Skepticism about science and medicine

In search of disinterested science

Cholesterol is good for you

Posted by Henry Bauer on 2013/03/25

That’s why the body makes it. (For a somewhat biased encomium to the benefits of cholesterol, have a look at cholesterol-and-health.com.)

The medical-science literature does not support the conventional wisdom about cholesterol. It’s a myth that
——    high cholesterol causes heart disease
——    lowering your cholesterol will lengthen your life
——    cholesterol blocks arteries
——    high-fat foods raise blood cholesterol and cause heart disease.

Just as with blood pressure, current medical practices concerning cholesterol are not based on good evidence, indeed they run contrary to the best evidence.
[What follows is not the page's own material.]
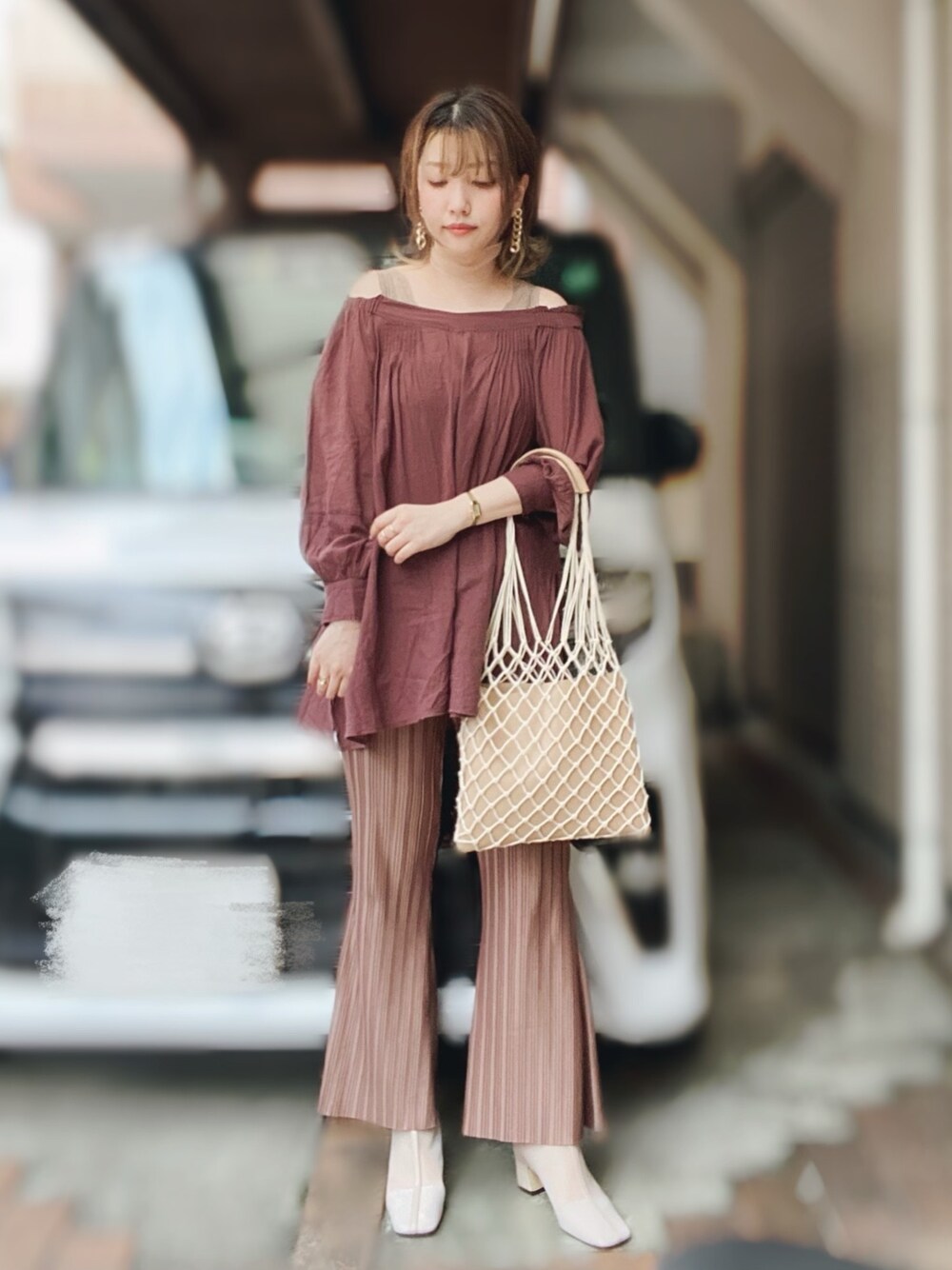 ykのシャツ/ブラウス「2way オフショルダー プルオーバーブラウス〈ボリューム袖〉」を使ったコーディネート

And again just as with blood pressure, a few popular writings as well as the medical-science literature have been pointing that out for a decade or two or three.

Data from the World Health Organization (The WHO MONICA Project) shows that there is no correlation at all between mortality from heart disease and cholesterol levels:

CholesterolHeartDisease

How then did the mistaken view come about, that “high” cholesterol makes for heart disease?

Just as with blood pressure: Through misinterpretation of statistical data, in particular making the mistake of treating correlation as causation, taking symptoms as the actual cause of illness, and failing to take certain variables into account when looking for correlations.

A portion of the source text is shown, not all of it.